Corpus file location
By default corpus files are written to schemas/corpus/, one file per method, named method_name.json. This can be changed with the --corpus-dir option:
extract-schemas --fuzz --corpus-dir t/corpus lib/MyModule.pm
It is recommended to commit the corpus directory to version control. This means every developer and every CI run benefits from the accumulated discoveries of all previous runs rather than starting from scratch each time.
run
Run the coverage-guided fuzzing loop. Returns a hashref summary report.
corpus
Returns the accumulated corpus as an arrayref of hashrefs with keys input and coverage.
bugs
Returns bugs found as an arrayref of hashrefs with keys input and error.
save_corpus( $path )
Serialises the corpus to a JSON file so it can be replayed or extended.
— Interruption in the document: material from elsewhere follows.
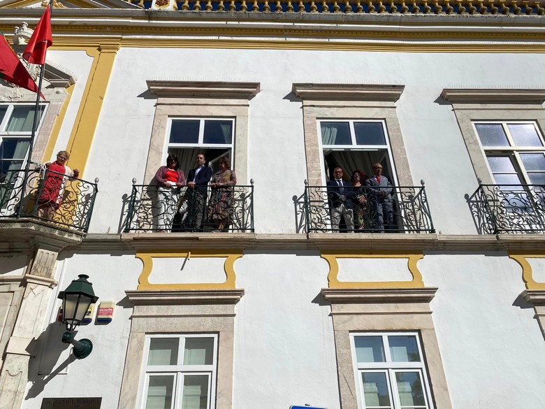 Ao som do Hino Nacional pela Banda 14 de Janeiro, o presidente da Câmara Municipal, José Rondão Almeida, e as vereadoras Vitória Branco e Paula Calado hastearam as bandeiras Nacional, do Município e da União Europeia, respectivamente.

Requires JSON::MaybeXS or JSON.
load_corpus( $path )
Loads a previously saved corpus JSON file, pre-seeding the fuzzer so it continues from where it left off.
AUTHOR
Nigel Horne, <njh at nigelhorne.com>
Portions of this module's initial design and documentation were created with the assistance of AI.
LICENCE AND COPYRIGHT
Copyright 2026 Nigel Horne.
Usage is subject to licence terms.
The licence terms of this software are as follows:
Personal single user, single computer use: GPL2
All other users (including Commercial, Charity, Educational, Government) must apply in writing for a licence for use from Nigel Horne at the above e-mail.